June 25, 2012
By Michael Schlee; photo courtesy Donate Life California
Governments: cant’ live with them, can’t live without them. Truth is, as much as we in Canada like love to complain about our government, we really do not have it that bad. Compared to many, many countries around the world, ours is a well-oiled machine. However, that does not mean our beloved government is devoid of incompetence and overeager bureaucracy. Case in point is the motor vehicle licensing office.
I get why institutions like this exist. Without a lot of these rules and regulations in place, our roadways would be utter chaos ruled by the dangerous and unsavoury. Okay, it may not be that bad, but for the most part I get why we need some control. Heck, I can even live with the annual license registration fees and need for a safety certificate when transferring ownership of vehicles (emission tests and HST on private sales though… well, that could be an entirely separate rant).
For years I have been using the much-lamented Ministry of Transportation offices without issue or complaint — until this week. For those who follow along in our forum, you will know that I recently bought a 22-year-old Mazda Miata off of a neighbour. I paid $1,500 for the car plus $500 for various accessories and parts. After a week-long battle repairing some serious floorboard rot, I was finally ready to get it on the road last week.
Even though this car is old, my insurance company had no issue insuring the car for its worth (post repairs) at $2,000 since it is now at 308,000+ km. The body, roof, and interior are in decent shape, but the underbody is rough. Considering the high mileage, the mechanicals are surprisingly solid. After obtaining my insurance card, I headed off to the ministry desk with all my necessary documents; or so I thought. After a 30-minute wait, I made it up to the front desk only to be informed that since my car is over 20 years old, it is no longer “on the books” and needs to be appraised to ensure I pay the government the maximum amount of money. In other words, if the car is appraised at more than the $1,500 I paid for the car, then I pay tax on the appraised amount. I get the premise of this law. You don’t want someone with a nearly-priceless 1969 Chevrolet Chevelle or 1987 Buick GNX to try to pass off that they paid $5,000 for it. But I am here with a vehicle that is about to eclipse a third of a million kilometres and is in a rusty state of repair. Realizing I would not win this battle, and succumbing to the knowledge this law does, on a very specific level, make sense, I begrudgingly left to find an appraisal for my cheaper-than-a-60-inch-television car.

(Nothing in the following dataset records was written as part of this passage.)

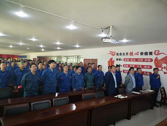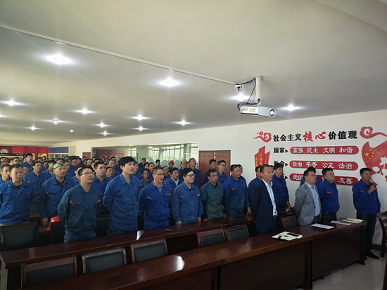 会议开始前全体与会人员齐声高呼公司的使命和目标---自主创新、振兴产业,贡献国家、回馈社会,做中国最大、最强的封头专业制造商。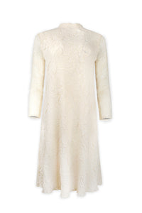 This luxe dress is crafted from our signature stretch jacquard with shear crinkle texture sleeves that finish with feminine lettuce edge details.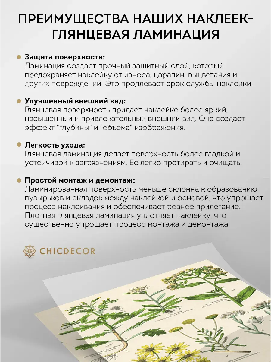 Преимущества наклеек CHIC DECOR - ГЛЯНЦЕВАЯ ЛАМИНАЦИЯ
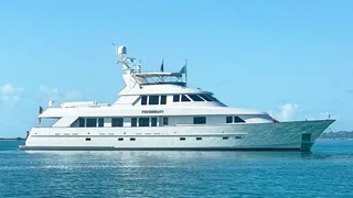Probability was built in GRP as part of the US yard's Delta 122’ tri-deck series and delivered in 1997 with significant upgrades since. Works include new paintwork and the addition of Quantum zero-speed stabilisers. An interior by Claudette Bonville accommodates eight guests in four cabins comprising a full-beam master suite, a main deck VIP suite, a double and a twin, all with entertainment centres and en suite bathroom facilities.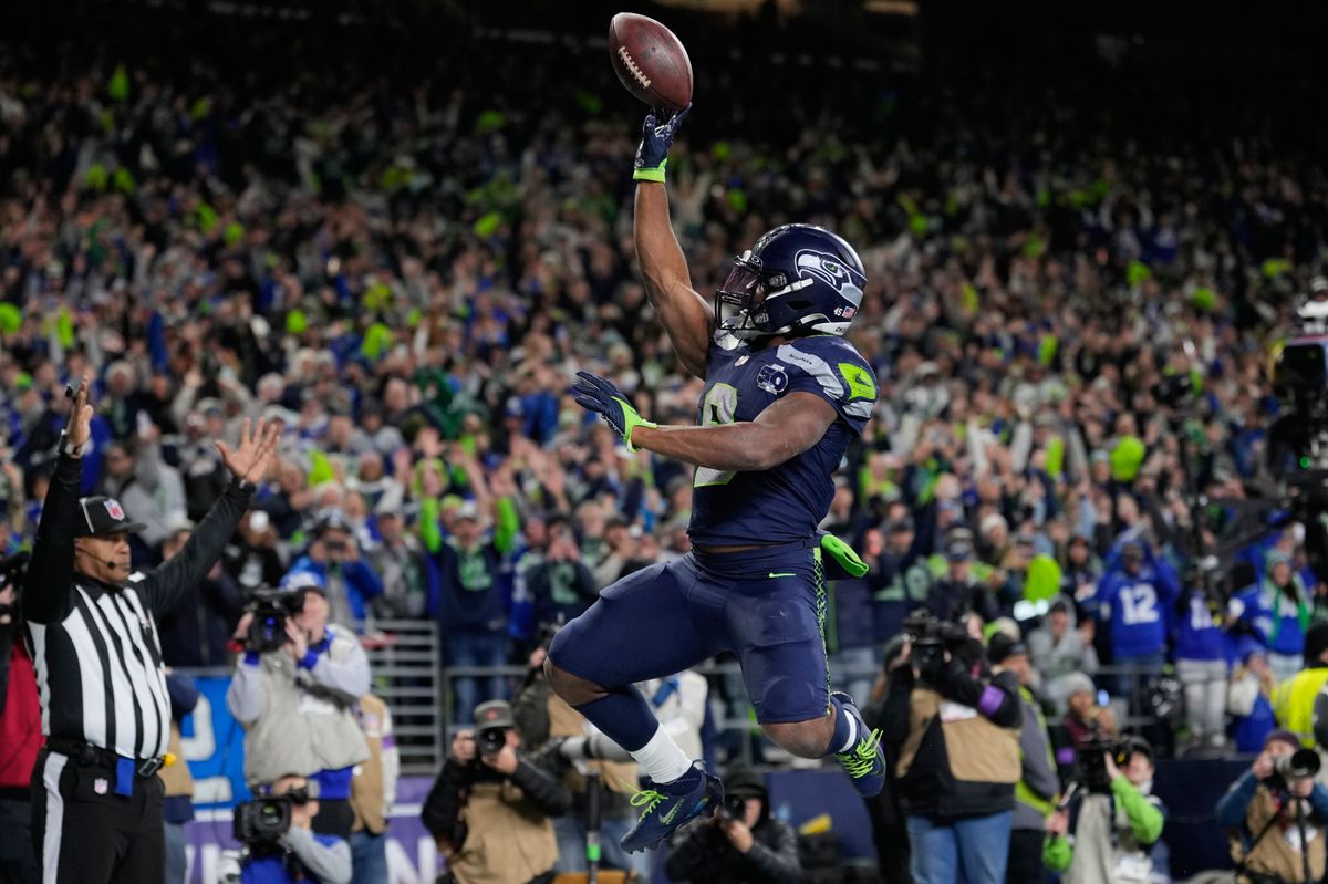 Walker’s three rushing touchdowns tied him with Shaun Alexander for the most in a playoff game in franchise history. Two of the scores came after halftime, and he celebrated one by chucking the ball into the crowd.

Fast forward two days and I have been able to get a colleague of mine to provide an appraisal for my little roadster. He is the general manager of a large dealership and agrees to give the 1990 Miata a once over. After inspecting the vehicle (and its floor rot) he determines it is worth roughly $1,500. Perfect, I paid the right amount. He finishes filling out the form, we say our goodbyes, and I head out to ministry to finally get the vehicle registered.